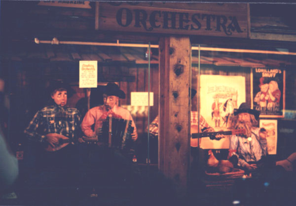 The renowned, and original, wall Drugs, mechanical cowboy band. Often imitated, never equaled. The mechanical figures perform cowboy songs through a loud speaker system, while they go through the motions of playing their instruments. |
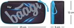 Pevný penál s výklopnou přepážkou a kapsou na zip (bez náplně) udrží psací potřeby v pořádku. Sáček z omyvatelného materiálu lze nosit na zádech a jeho logo BAAGL ve tmě svítí.
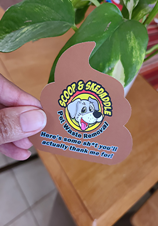 Did you know that designs custom-shaped business cards? Recently, we fulfilled a specific request from a client who wanted a business card shaped like a “poop emoji.” Our client operates a pet waste removal service…
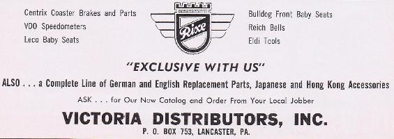 Short History of Rixe and Co.Winter, 1920. Locksmiths August Rixe and Robert Meyer establish the Rixe & Meyer machine and bicycle factory.January 24, 1921. Rixe and Meyer officially registered as a limited company in Bielefeld to make and sell machinery, bicycles and bicycle parts. August Rixe provided the building and equipment. Bielefeld was a major manufacturing center for two wheelers second only to Nuremberg. Bastert, Duerkopp, Goebel, Goricke, Miele, Rabeneick and Rixe were some of the big manufacturers in Bielefeld. In 1954 the manufacturers from Bielefeld produced almost half the bikes in Germany and 86% of the mopeds. In the beginning. Rixe produced parts for other manufacturers in Beilefeld such as Duerkopp and Goricke. 1923. They began making their own bicycles under the name Rico. 1924. They changed the name to Rixe & Co. and expanded the workshop. With the expanded facilities the company focused on building their own bicycles but still continued to build frames and components for other manufacturers. 1926. August Rixe dies and his wife Anna Rixe becomes the managing director. She gives 50% of the shares in Rixe & Co to Henry Oberschelp. 1929. The worldwide economic crises took it's toll on many manufacturers in Germany and across the world. Rixe survived but had to cut their workforce. 1935. Rixe started making motorized two wheelers in addition to bicycles. December 1939. Rixe is required to make war machinery. They are permitted to continue producing a small amount of civilian products. 1941. Rixe was assigned Eastern European forced laborers - some of which were POWs. 1943. They built barracks to accommodate the Eastern European laborers. It is unknown if the forced laborers were paid. By the end of the war they had 137 of these laborers. September 30, 1944. Bombing raids largely missed the Rixe production facilities but the air raid on Novemeber 23, 1944 hit the tool shop in Plant II and reduced production significantly. April 1, 1945. The Americans took Beilefeld. September 1945. Bicycle production resumes. November 1945. Rixe is forbidden to produce bicycles and motor vehicles due to lack of energy/coal. They continue to produce parts. 1946. Bicycle production resumes. 1948. Motorcycle production resumes in limited numbers. Mid-50s to early 60s. Victoria Distributors, Lancaster, PA, imported Rixe bicycles into the US. The president of Victoria Distributors, Earnest Ryersbach, was of German extract. An American Bicyclist Magazine ad shows Rixe bicycles were still imported as late as January 1964. West Coast Cycle Supply Co of Los Angeles sold some racing and tandem models imported from Victoria Distributors. 1950's. Ted Earnst, of Bicycle Super Mart-Manhattan Beach, CA, raced on Rixe bikes in Chicago. 1984. Rixe was sold and production was moved to China.
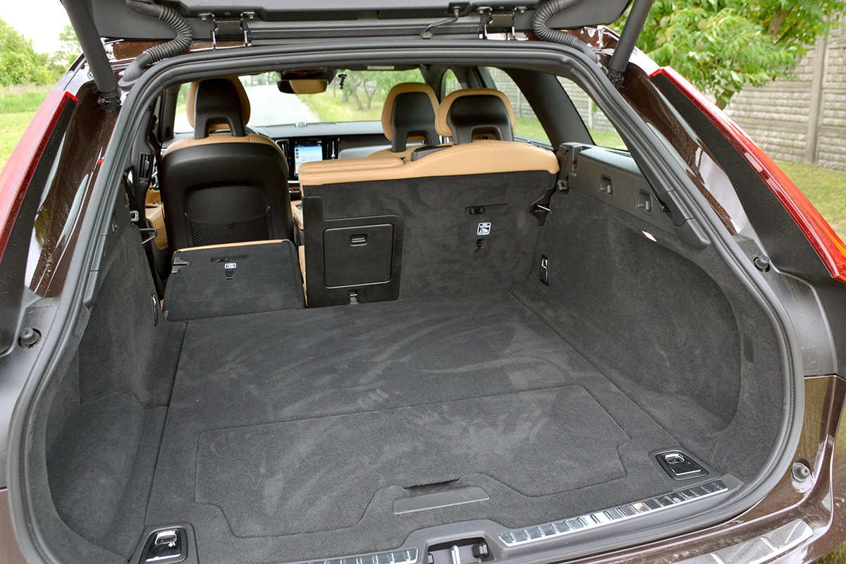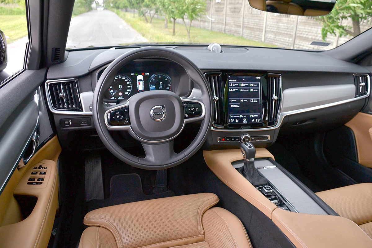 Równie stylowe co nadwozie jest też wnętrze modelu V90 Cross Country. Szczególnie przytulnie prezentuje się kabina wykończona prawdziwym drewnem, jasną skórą i elementami aluminiowymi. Pod tym względem nowe Volvo prezentuje wyższy poziom niż wielu rywali marek niemieckich. Większość funkcji obsługujemy poprzez pionowo osadzony dotykowy tablet o przekątnej 9 cali. To dzięki niemu deska rozdzielcza jest minimalistyczna. Wybór funkcji na dotykowym ekranie wymaga chwili nauki, jednak po jakimś czasie obsługa stanie się dla nas przejrzysta i prosta. Dla osób nieznających najnowszych modeli Volvo ciekawostką będzie sposób włączania silnika. Wystarczy ruch pokrętłem, położonym na konsoli między fotelami. Tuż pod nim zamontowano rolkę zmiany trybów jazdy. Na uwagę zasługują wygodne i dobrze trzymające fotele, które oczywiście w wyższych wersjach oferują rozbudowane funkcje regulacji, masażu, chłodzenia i ogrzewania. Do tego Volvo może się pochwalić bardzo obszernym wnętrzem, również z tyłu. Nie odbiega w tym względzie od wielu aut SUV, choć trzeba przyznać, że model XC90 oferuje więcej, ze względu na znacznie wyższe i szersze nadwozie. Bardzo dobre wrażenie robi opcjonalne nagłośnienie Bowers & Wilkins z 19 głośnikami (+16 tys. zł). W szczególności wyróżnia się w nim brzmienie wzorowane na filharmonii w Göteborgu. Wielkość bagażnika jak na rozmiary pojazdu jest przeciętna. Poprzednicy mieli większe możliwości przewozowe. W zestawieniu z SUV-ami bagażnik jest bardzo przyzwoity, a do tego próg załadunku znajduje się w nim znacznie niżej. Humor pasażerom może się popsuć przy wysiadaniu. Wówczas niezwykle łatwo jest ubrudzić sobie nogawki spodni czy spódnicę o próg pojazdu. Dla wielu nabywców niezwykle istotnym parametrem jest masa przyczepy hamowanej, jaką uciągnie samochód. W modelu Cross Country wynosi ona od 2200 do 2500 kg.
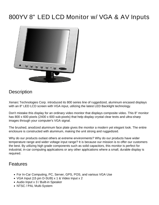 8インチ液晶モニター(4:3) VGA入力、ビデオ入力 x 2 (800YV 8" LED LCD Monitor w/ VGA & AV Inputs)
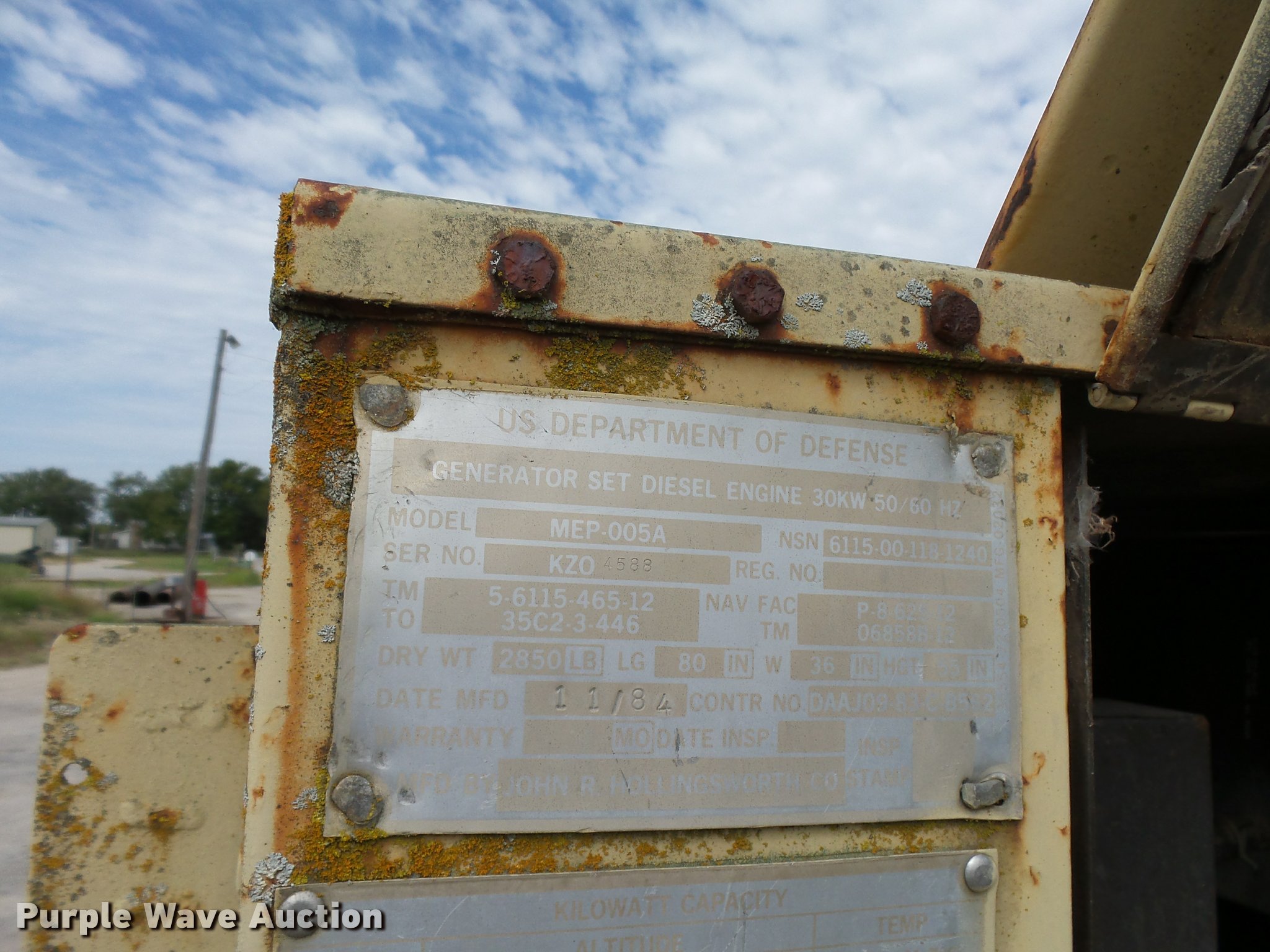 Purple Wave is selling a used Generator Set in Kansas. This item is a 1984 military generator with the following: Model MEP-005A, White six cylinder diesel engine, 30 kW, Three phase, Unit has not been used for several years, Serial KZ04588
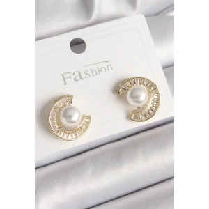 Pirinç Gold Renk Zirkon Taşlı Salyangoz Model İnci Detay Kadın Küpe
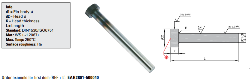 Straight Ejector Pins - Nitrided - EAH 直顶针-EAH 产品目录下载 产品3D图下载
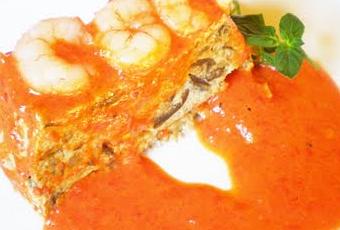 Ingredientes para 8 personas: 3 berenjenas 400 gr. de gamba pelada 6 huevos 250 cc. de crema de leche sal, pimienta aceite de oliva virgen extra
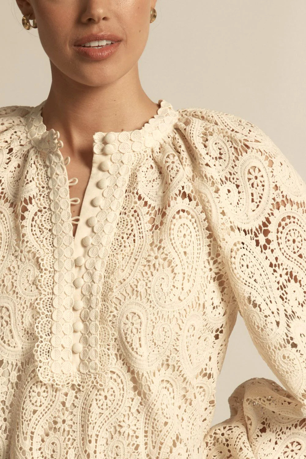 - crafted in a 70s-inspired paisley poly-lace
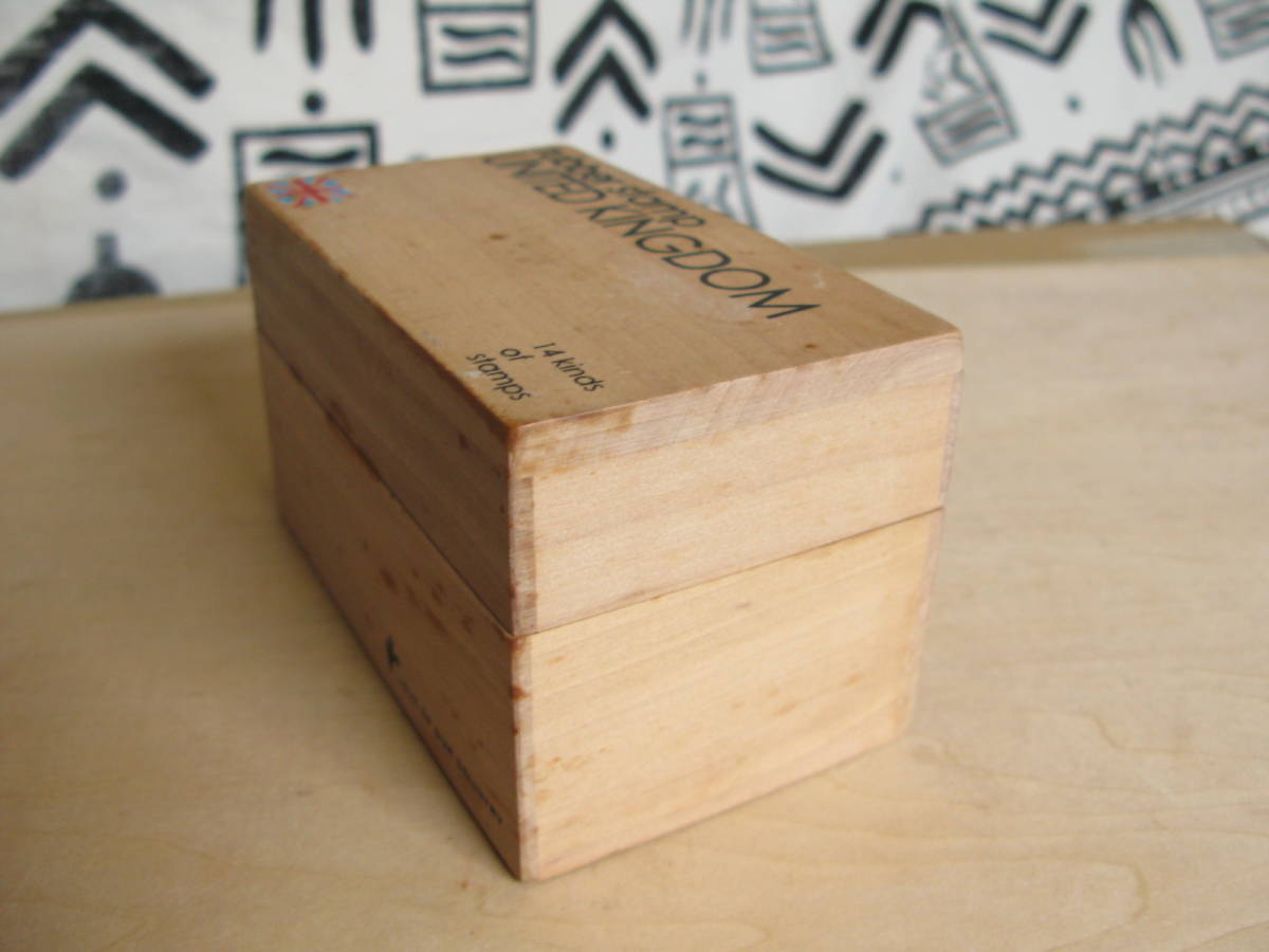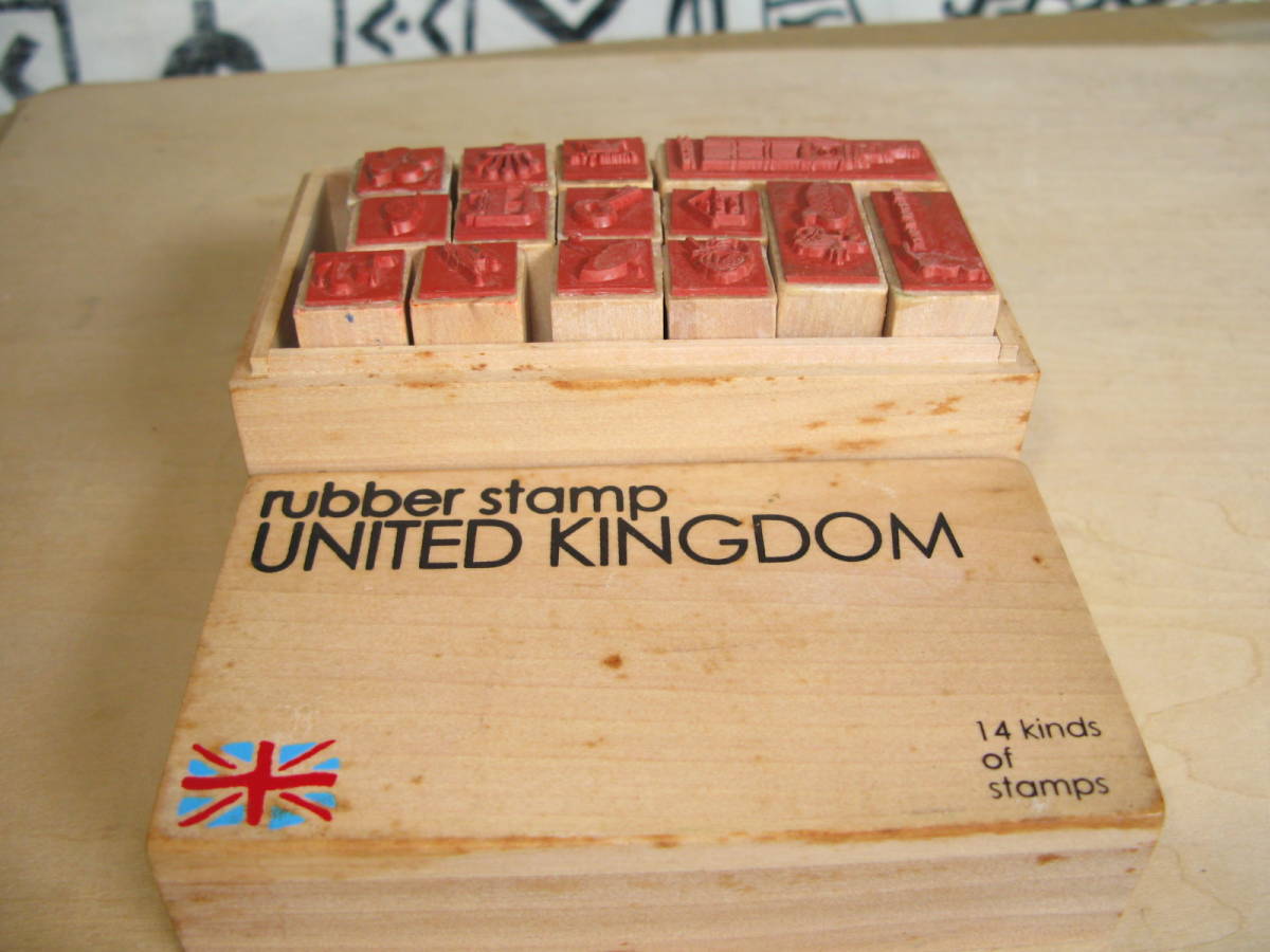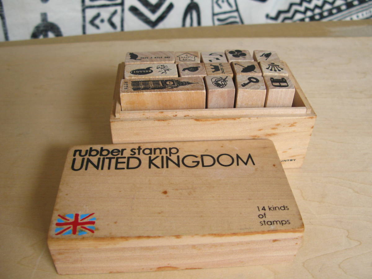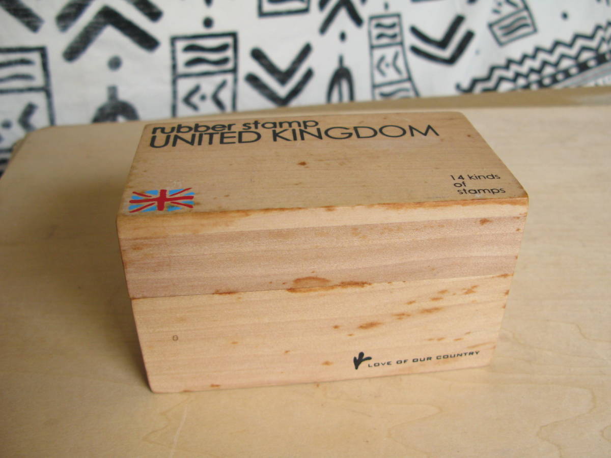 ラバースタンプ14種類 木箱入り UNITED KINGDOM ヴィンテージ箱サイズ約11.5x6.5x6.8cm (s325)

[WORK INSTRUCTION] Pictures are to be left out; the lines from the start of the records above through the line holding "Did you know" are to be returned exactly.

[RESPONSE AREA]
 The renowned, and original, wall Drugs, mechanical cowboy band. Often imitated, never equaled. The mechanical figures perform cowboy songs through a loud speaker system, while they go through the motions of playing their instruments. |
 Pevný penál s výklopnou přepážkou a kapsou na zip (bez náplně) udrží psací potřeby v pořádku. Sáček z omyvatelného materiálu lze nosit na zádech a jeho logo BAAGL ve tmě svítí.
 Did you know that designs custom-shaped business cards? Recently, we fulfilled a specific request from a client who wanted a business card shaped like a “poop emoji.” Our client operates a pet waste removal service…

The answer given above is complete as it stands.